Abstract

Protein-protein interactions (PPIs) play a crucial role in various biological processes. To better comprehend the pathogenesis and treatments of various diseases, it is necessary to learn the detail of these interactions. However, the current experimental method still has many false-positive and false-negative problems. Computational prediction of protein-protein interaction has become a more important prediction method which can overcome the obstacles of the experimental method. In this work, we proposed a novel computational domain-based method for PPI prediction, and an SVM model for the prediction was built based on the physicochemical property of the domain. The outcomes of SVM and the domain-domain score were used to construct the prediction model for protein-protein interaction. The predicted results demonstrated the domain-based research can enhance the ability to predict protein interactions.

1. Introduction

Protein commonly consists of one or more submolecule parts, which are termed as domain. Domain is a structural or functional module of protein, and it is usually evolutionarily conserved units. Differential association of domains provides a way to create new functions for organisms [1]. The interactions between domains can help locate a protein at a specific subcellular site, which recognize protein posttranslational modification or participate in signal transduction. The interactions can also regulate the enzymatic activity, vigor, and substrate specificity [2]. Recently, many comprehensive studies about domain have been conducted. For example, PDZ domain, which was found in various proteins, including protein tyrosine phosphatase and nitric oxide synthase, plays an important role in regulating protein-protein interactions, protein targets, and protein complex formations [3]. The PB1 domain exists in many signaling proteins involved in the multiple signaling pathway, including the mitogen-activated protein kinase pathway [4] and cellular polarity pathways [5]. Proteins containing the PB1 domain have a close relationship to the occurrence of cancer, such as breast cancer and lung cancer. More and more findings indicate that abnormalities in the domain can lead to various diseases. Therefore, it holds an important practical significance for the domain-based drug design and disease treatment in clinical research, such as arteriosclerosis and cancer. Domain-based studies might help to understand the molecular mechanisms of human diseases, to develop appropriate disease models, and to provide tools for diagnosis.
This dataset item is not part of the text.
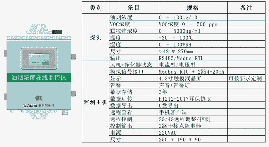 ACY100油烟监测测仪,型号ACY100-Z4H1-4G,4寸/7寸显示

Domain-based prediction has provided a new perspective for the study of protein-protein interactions (PPIs). PPIs play a crucial role in biological processes, including immune response, signal transduction, and the occurrence and development of disease. Usually, there are two methods predicting protein-protein interactions, experimental method and computational method. Experimental techniques identifying protein-protein interactions are the earliest research methods, including yeast two-hybrid (Y2H) [6], tandem affinity purification (TAP) [7], co-immunoprecipitation (Co-IP) [8], and other techniques. However, high- and low-throughput experimental techniques have some constraints on manpower and material, and experimental results often have high false positives and false negatives. Thus, computational methods have been developed for PPI prediction. The classification of computational method is mainly based on its different features. The commonly used features are protein sequence, protein evolutionary, three-dimensional structure, and domain information. Currently, sequence-based methods have achieved some good prediction results [918]. You et al. [19] considered the sequence order and dipeptide information of the protein primary sequence and proposed a matrix-based representation of protein sequence, which is used as the input information of an SVM. However, the sequence-based approaches only use the sequential information, and the 3D structure information was ignored. It is generally believed that protein interactions are mediated by some their specific domain interactions [20], so the domain-based method is widely used in recent years.

Wojcik and Schachter have developed an interacted domain pair profile method to predict protein-protein interactions. They applied their method to predict an interaction map of Escherichia coli [21]. Kim et al. have proposed a statistical scoring system, based on the interacting domain pairs from InterPro, to measure the interaction probability between domains and to represent protein-protein interactions [22]. Hayashida et al. have used conditional random field to predict PPIs based on mutual information between residues of domain-domain interactions [23]. Kamada et al. have used domain features with support vector regression (SVR) and relevance vector machine (RVR) to predict the strengths of PPIs [24]. Singhal and Resat have applied the InterDom (the interacting domain database) domain-domain interaction scores as the feature information. They developed a multiparameter optimization method—DomainGA—which used the obtained score to predict the interactions between proteins [25]. Zhang et al. have also used the domain-domain interaction scores. His method used DDI confidence probabilities to calculate the confidence probability of the predicted PPI [26].

Currently, the features that domain-based methods used just contain the domain co-occurrence relationships or the proportion of an important domain. The domain information is not completely considered. The domain interactions, which are crucial to the understanding of biomolecule interactions, also provide a global view of the protein-protein interaction network. In order to effectively utilize the information of the domain, we proposed a new domain-based method to predict protein-protein interactions.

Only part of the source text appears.